___ DATA SECTION

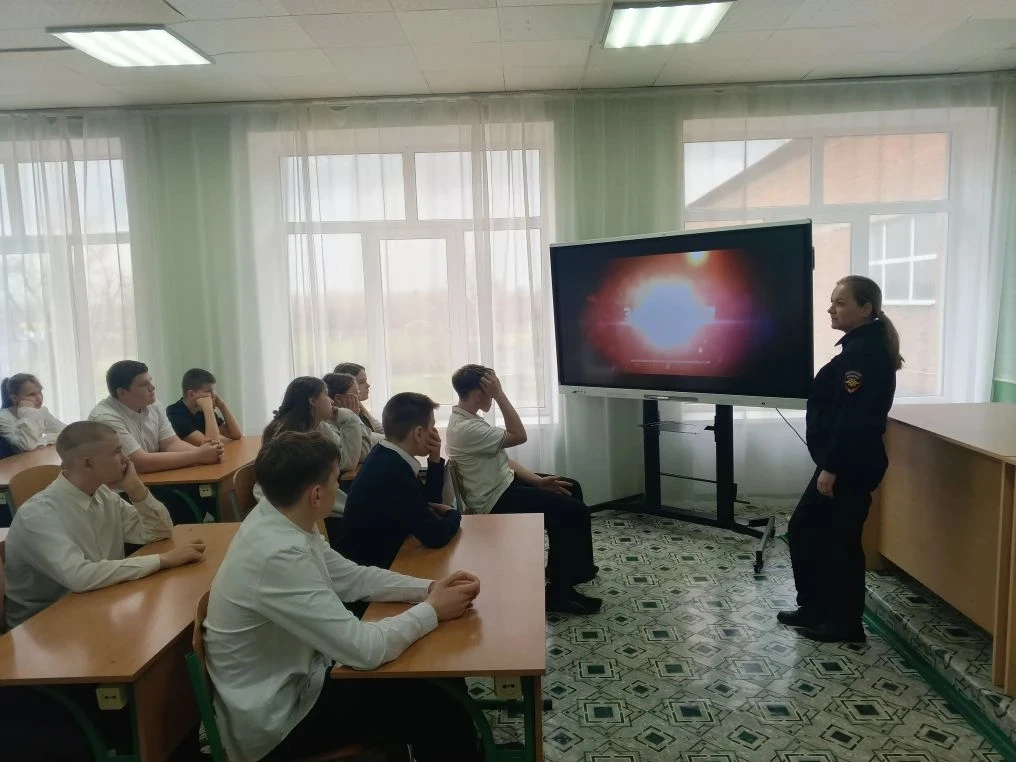 Также в беседе освещались вопросы об административной и уголовной ответственности несовершеннолетних за совершение преступлений и правонарушений. Подросткам было разъяснено, с каких лет наступает уголовная ответственность и какие наказания применяются за совершение преступлений. Также инспектор затронул вопросы поведения обучающихся в школе и общественных местах, уважительного и корректного отношения школьников к учителям, взрослым и сверстникам, отношение к чужому имуществу. Также разъяснила об ответственности для несовершеннолетних за употребление, распространение, приобретение наркотических, табакосодержащих, психотропных веществ.
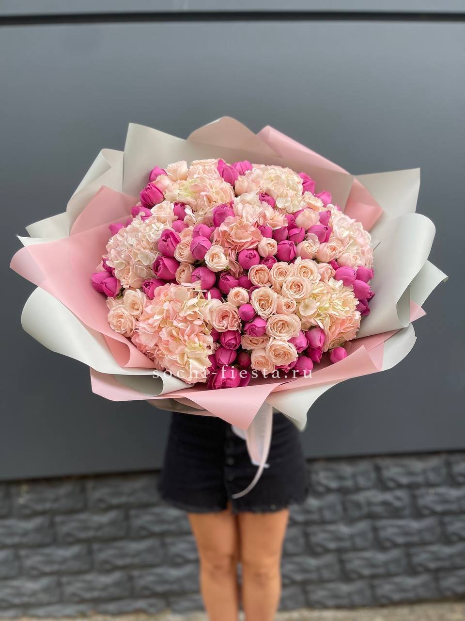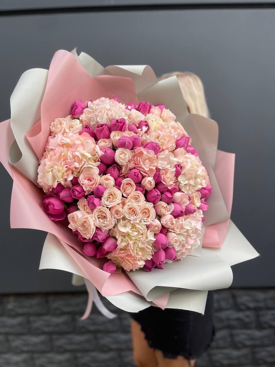 гортензия, гербера, диантус, эустома, свит ревиваль, кустовая роза, эвкалипт, лента, корейская пленка.
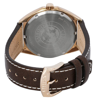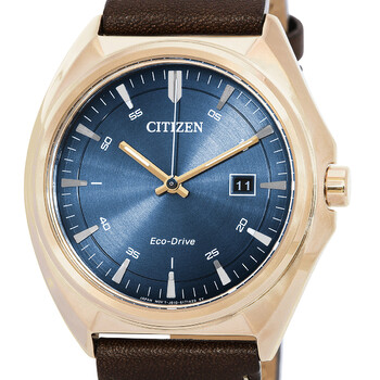 Rose gold-tone stainless steel case with a brown leather strap. Fixed rose gold-tone bezel. Blue dial with luminous rose gold-tone hands and index hour markers. Arabic numeral minute markers (at 5 minute intervals). Minute markers around the outer rim. Dial Type: Analog. Luminescent hands and markers. Date display at the 3 o'clock position. Caliber J810 eco-drive movement. Scratch resistant mineral crystal. Pull / push crown. Solid case back. Round case shape. Case size: 42 mm. Case thickness: 9.8 mm. Band width: 22 mm. Tang clasp. Water resistant at 100 meters / 330 feet. Functions: date, hour, minute, second. Casual watch style. Watch label: Japan Movt. Citizen Eco-Drive Blue Dial Brown Leather Men's Watch AW1573-11L.
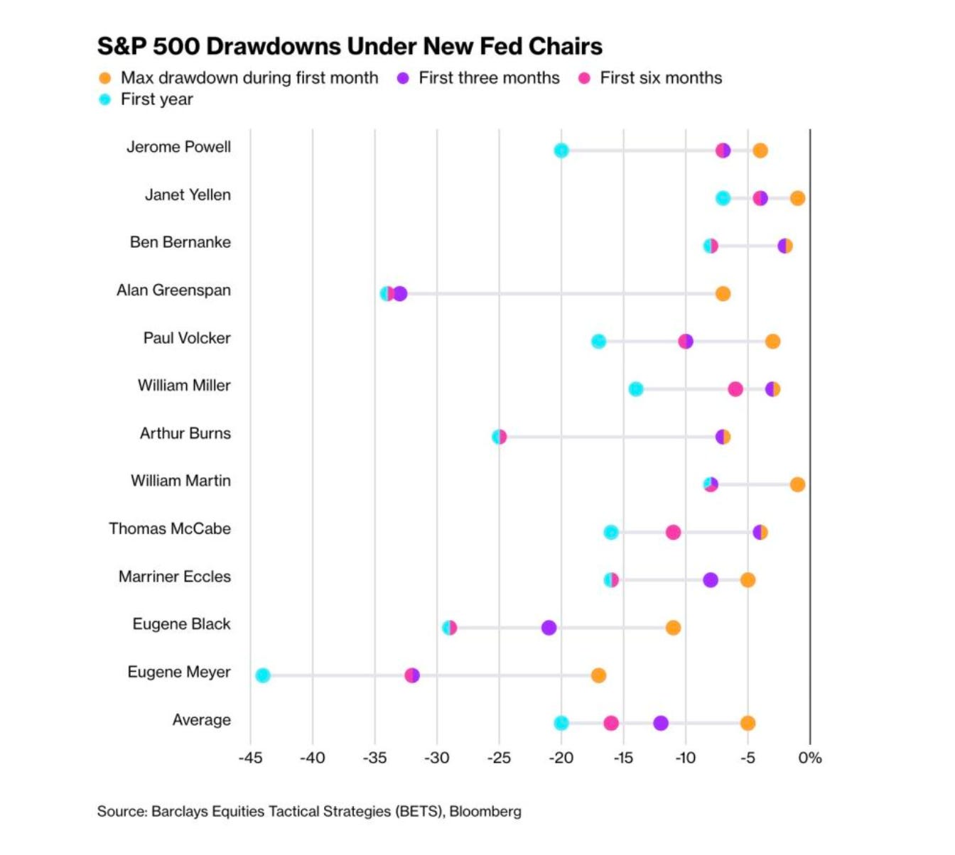 The chairs who came in during tightening or transition periods (Volcker, Burns, Powell) got hammered.
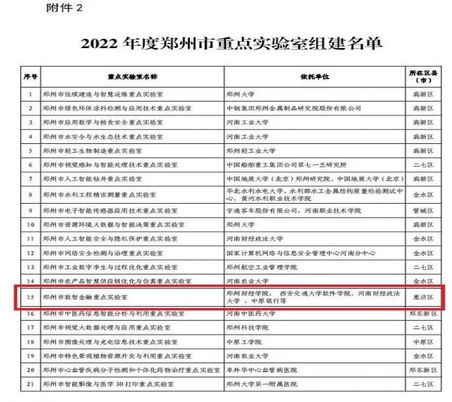 日前,郑州市科学技术局下发《关于同意组建 2022 年度郑州市工程技术研究中心和重点实验室的通知》(郑科[2022]47号),公布2022年度郑州市重点实验室组建名单和郑州市工程技术研究中心组建名单,beat365申报的郑州市数智金融重点实验室获批立项建设。
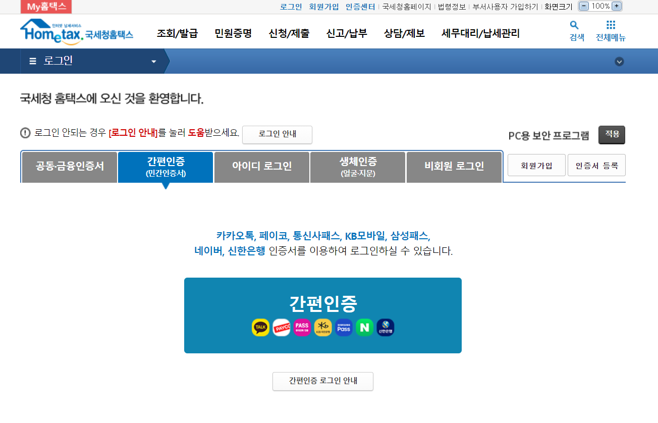 공동 인증서를 등록하셔서 로그인하셔도 되지만 어차피 전자세금계산서 발행용 인증서가 있으면 전자 세금계산서 발행에는 문제가 없기에 전 간편 인증으로 로그인하였습니다.
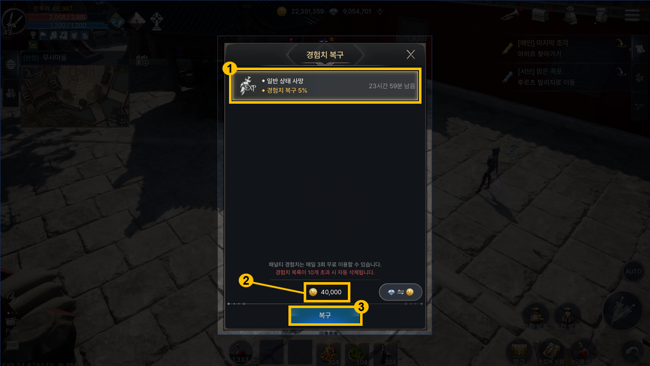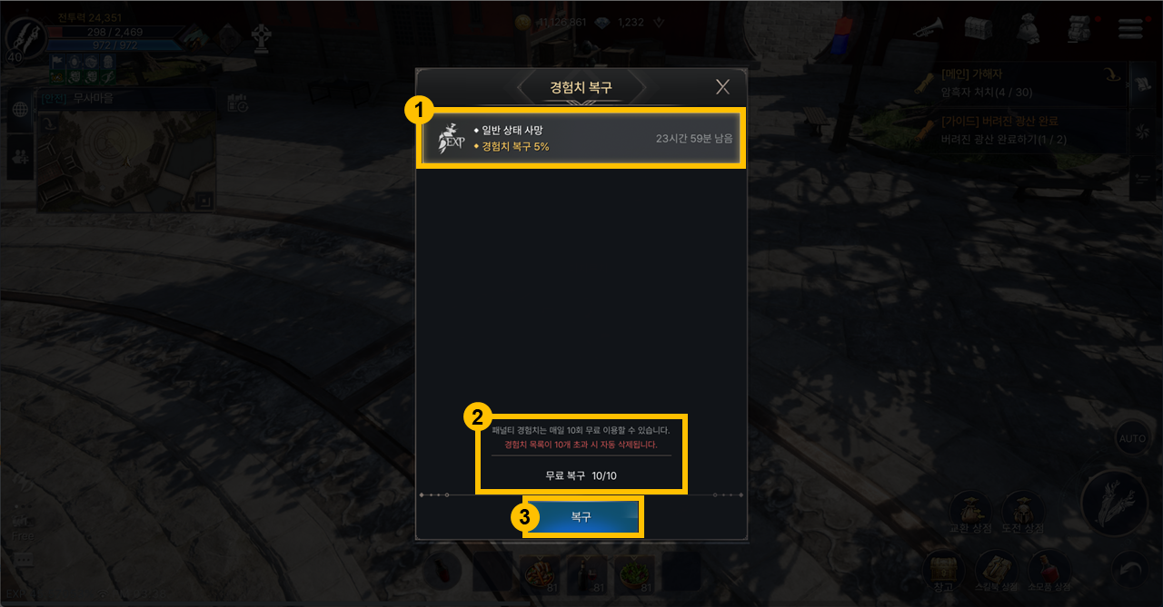 - 복구할 수 있는 경험치와 남은 시간을 확인할 수 있습니다.
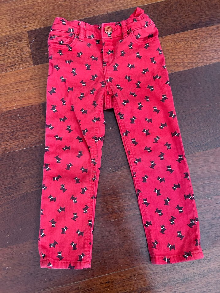 3 yaş. Kırmızı renkli, köpek desenli ve beli lastikli kız pantolon, trend sokak tarzı için uygundur.
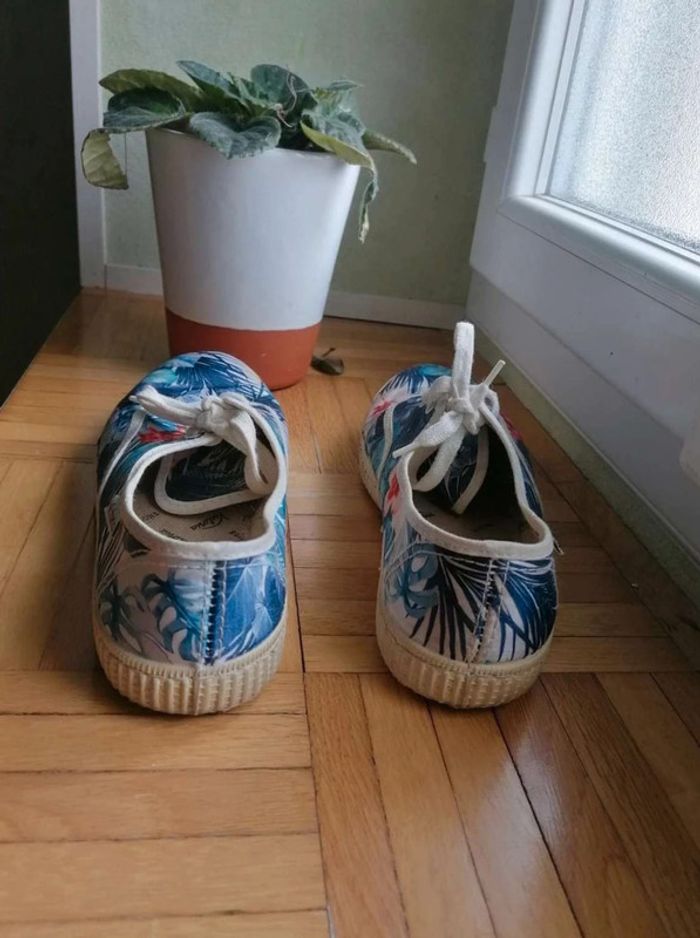 Basket plate à fleurs Marque Victoria Taille 38 Portée mais reste en très bon état général. Évidemment traces d'usures semelles qui est un peu jauni ( Peut peut être avec les éponges de mr propre redevenir plus blanches. Pas de trous pas de taches. I. Code Y2k #victoria #basketafleurs #fleurs #basket #été #taille38

______

## WHAT IS BEING ASKED
The required output is each record above, reproduced exactly, without its pictures.

## TASK SOLUTION
 Также в беседе освещались вопросы об административной и уголовной ответственности несовершеннолетних за совершение преступлений и правонарушений. Подросткам было разъяснено, с каких лет наступает уголовная ответственность и какие наказания применяются за совершение преступлений. Также инспектор затронул вопросы поведения обучающихся в школе и общественных местах, уважительного и корректного отношения школьников к учителям, взрослым и сверстникам, отношение к чужому имуществу. Также разъяснила об ответственности для несовершеннолетних за употребление, распространение, приобретение наркотических, табакосодержащих, психотропных веществ.
 гортензия, гербера, диантус, эустома, свит ревиваль, кустовая роза, эвкалипт, лента, корейская пленка.
 Rose gold-tone stainless steel case with a brown leather strap. Fixed rose gold-tone bezel. Blue dial with luminous rose gold-tone hands and index hour markers. Arabic numeral minute markers (at 5 minute intervals). Minute markers around the outer rim. Dial Type: Analog. Luminescent hands and markers. Date display at the 3 o'clock position. Caliber J810 eco-drive movement. Scratch resistant mineral crystal. Pull / push crown. Solid case back. Round case shape. Case size: 42 mm. Case thickness: 9.8 mm. Band width: 22 mm. Tang clasp. Water resistant at 100 meters / 330 feet. Functions: date, hour, minute, second. Casual watch style. Watch label: Japan Movt. Citizen Eco-Drive Blue Dial Brown Leather Men's Watch AW1573-11L.
 The chairs who came in during tightening or transition periods (Volcker, Burns, Powell) got hammered.
 日前,郑州市科学技术局下发《关于同意组建 2022 年度郑州市工程技术研究中心和重点实验室的通知》(郑科[2022]47号),公布2022年度郑州市重点实验室组建名单和郑州市工程技术研究中心组建名单,beat365申报的郑州市数智金融重点实验室获批立项建设。
 공동 인증서를 등록하셔서 로그인하셔도 되지만 어차피 전자세금계산서 발행용 인증서가 있으면 전자 세금계산서 발행에는 문제가 없기에 전 간편 인증으로 로그인하였습니다.
 - 복구할 수 있는 경험치와 남은 시간을 확인할 수 있습니다.
 3 yaş. Kırmızı renkli, köpek desenli ve beli lastikli kız pantolon, trend sokak tarzı için uygundur.
 Basket plate à fleurs Marque Victoria Taille 38 Portée mais reste en très bon état général. Évidemment traces d'usures semelles qui est un peu jauni ( Peut peut être avec les éponges de mr propre redevenir plus blanches. Pas de trous pas de taches. I. Code Y2k #victoria #basketafleurs #fleurs #basket #été #taille38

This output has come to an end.